# Changing my sump design. What do you think.



## nfored (Mar 31, 2008)

I have been thinking I can run my tank on a much lower turn over rate, if I redesign the sump, and use better Bio media.

Typically in a sump cheaper media such as bioballs and lava rock can be used, this is because you can have more space to use more media. So you are not forced to buy high density media like you would in a canister. 

Also the true effectiveness of bio media is contact time with the water, in sumps the contact time is short, the time it takes the water to trickle down. This is why high turnover rate is need, if you can't get long contact time, make the time it takes the water to get back to the bio media shorter. 

So if you where to design a sump where the contact time is longer, you can have slower turn over rate. 

So here is my Idea of a redesigned sump.

Instead if dividing the section top to bottom, forcing the water to fight gravity, and loss of total sump water capacity, divided them from side to side. This way you still have the whole capacity of the sump, also as long as the spacing is at least 6 inches you will never restrict flow. 

This is also give your pump access to more water, in a typical sump with multiple compartments the pump only has the water volume of its compartment. So lets say that compartment holds 20 gallons of the total sump capacity, when the pump is off this compartment is full, when you power it on the compartment drains however many gallons is needed to start flow though the sump. If you had a tank that is 84x24x25 and the water had to raise 1" to start flowing through the sump again that's around 9 gallons. What can happen is if your pump is strong and that compartment is taller rather then longer the water level can be lowered to the point where the pump sucks in air. 

The bucket is the only enclosed space, this is where the water will enter the sump and contact the mechanical filter; This will be the only bypass free place. Now I no we have all be taught bypass is bad, and bypass free is good. This is not 100% true, for mechanical filtration this is true you need no bypassing since dirt is not effected by osmosis. However what is important to the fish is the water parameters,and this is effected by osmosis. If you take 50 gallons of water out of a 100 gallon tank, filter it so it has zero pollutants then place it back in the tank, the water is 50% pollutant free do to osmosis.

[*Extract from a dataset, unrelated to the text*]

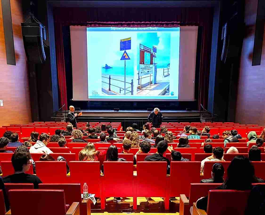 Durante l’incontro è stato fatto un resoconto sullo stato di avanzamento delle attività previste dai 12 indicatori che valgono la certificazione di Comune Tsunami Ready. Tra queste attività vi sono tre interventi annuali di  formazione e accrescimento della consapevolezza al pubblico. Il giorno seguente, presso la sala  principale del rinnovato teatro Manfroce di Palmi, con la collaborazione dell’Istituto d’Istruzione  Superiore “N.Pizi” diretto dalla Preside Mallamaci, si è tenuto un incontro che visto circa 150 studenti dell’Istituto ascoltare con attenzione una lezione interattiva supportata da video didattici sul fenomeno degli tsunami tenuta dai ricercatori Ing.Alessandro Amato, dal Dott.Lorenzo Cugliari e dalla Dott.ssa Concetta Nostro dell’Istituto Nazionale di Geofisica e Vulcanologia di Roma.

So why is this important in my design? because you will only line the bottom of the Maze with biomedia. The water that dose contact the biomedia will have a prolonged contact time, removing the pollution more effectively; this will in turn lower the pollution in all the water through osmosis. You get two benifits here slower movement is better for mechanical filtration, the slower water means more contact time for the biomedia this is also a plus. also you can use a lower powered pump for the filtration, and then use ultra low power power heads for circulation. 

The addition of a bubble wand under the bio media will help with the reduced O2 you see from lower circulation.

Here is my first sketch of the idea, and two photos of my diy build.











You can see here that the water must move through 3 hallways of bio media before reaching the pump.










Here is a side view.










I could have used clear Silicone and maybe done a cleaner job, but I was in a hurry, and who will see it anyway?


So what do you think?


----------



## MoneyMitch (Aug 3, 2009)

love it, kinda like one i drew up but never got around to making, Great job


----------